This is also accentuated by the arrangement of colours on the marble floor, consisting of coloured rectangles and rhombuses leading towards the nine steps. (Fig. 6) Fra Angelico alternates blue and yellow with beige, green and pink. Yet from a strictly optical point of view, those colours do not produce the same effect of depth: blue and green hollow out the surface of the painting and seem to sink into the pictorial space, while red produces the opposite effect, giving relief to the painting and seeming to emerge from it. Lighter colours, closer to white, produce a similar effect. The more intense the colours, the more those effects are accentuated. Therefore, the painter’s choice of colours for the tiling is far from insignificant: green and blue accentuate the effect of depth, while beige, yellow and pink temper it. Green and blue occupy a larger surface area in the tiling. The green of the tiles is in direct response to the marble of the first step of the staircase: when looking at the floor, the eye is almost directly drawn to this step and sinks into the picture. The impression of depth is thus significantly reinforced through colour: while facing the painting, the viewer sees a marble floor that sinks deep into the space until it reaches a flight of steps that ascend towards the central point of the scene.

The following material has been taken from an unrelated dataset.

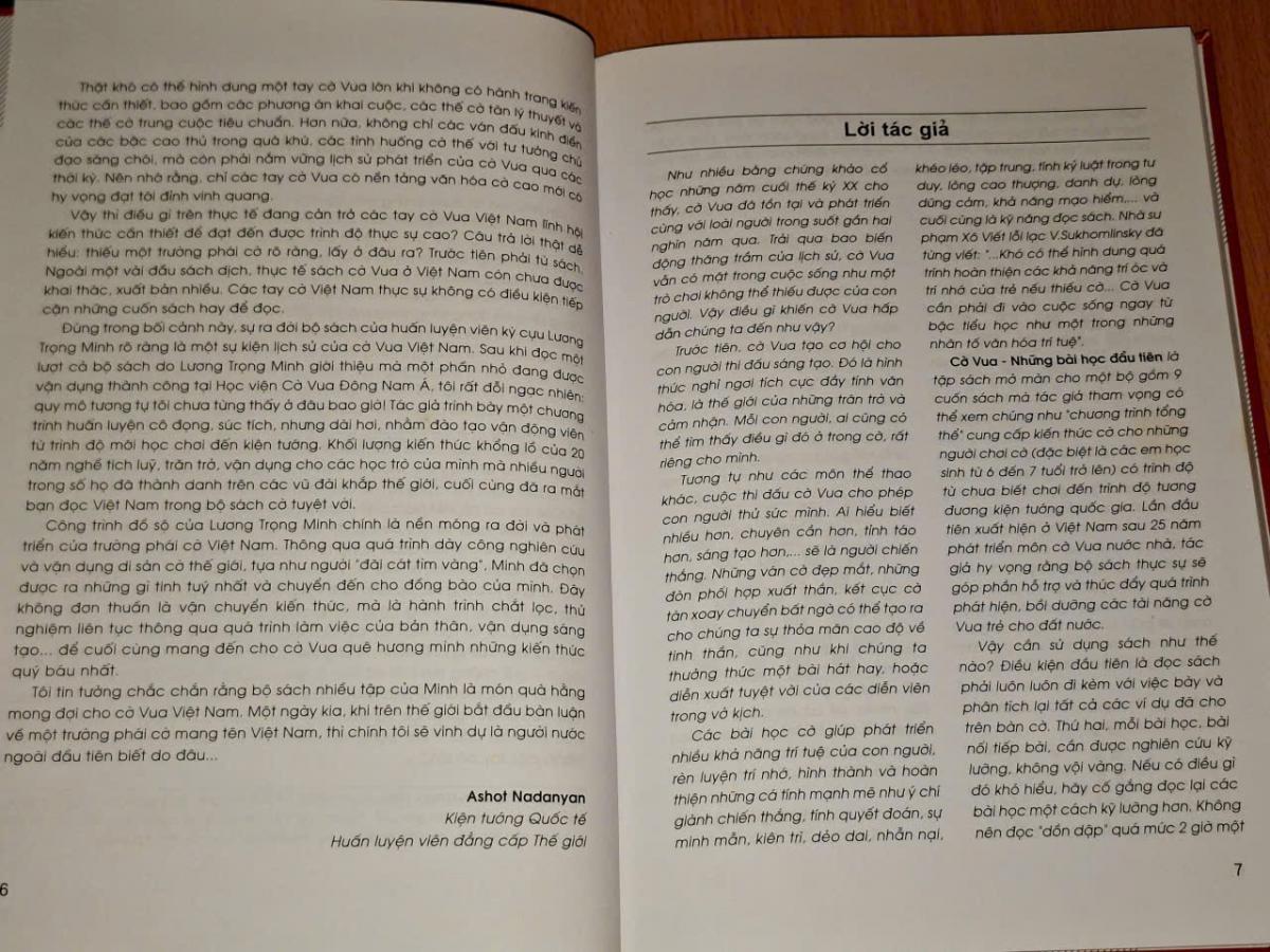 Cờ vua - những bài học đầu tiên là tập sách mở màn cho 1 bộ gồm 9 cuốn sách mà tác giả tham vọng có thể xem chúng như "chương trình tổng thể" cung cấp kiến thức cờ cho những người chơi cờ (đặc biệt là các em học sinh từ 6 đến 7 tuổi trở lên) có trình độ từ chưa biết đến tương đương kiện tướng quốc gia. Lần đầu tiên xuất hiện ở Việt Nam sau 25 năm phát triển môn cờ vua nước nhà, tác giả hy vọng rằng bộ sách thực sự sẽ góp phần hỗ trợ và thúc đẩy quá trình phát hiện, bồi dưỡng các tài năng cờ vua trẻ cho đất nước...

Colour is also used in this staircase to accentuate the sense of height of the throne in relation to the crowd contemplating the scene: all the colours present in the painting appear on it (Fig. 7).[31] The eye is therefore necessarily drawn to them, regardless of location. For example, if the eye is first attracted to the figure of Mary Magdalene, her bright vermilion dress, and her long golden hair, it will settle on the two steps at the same level as the saint’s head: one red and black, and one golden. Then, it will go up the steps one after the other, following one colour after the other: the sixth step from the bottom, just above the golden step, gathers all the colours of the other steps. After stopping on it, the eye is drawn to the top step, which contains gold, then to the seventh step, which is green and golden; then to the eighth, which is golden and pink; then to the ninth, which is red, pink, and blue, before finally settling on the blue coat of Christ. The painter makes the eye of the viewer climb the steps. This underscores the impression of height given by the couple formed by the Virgin and her son.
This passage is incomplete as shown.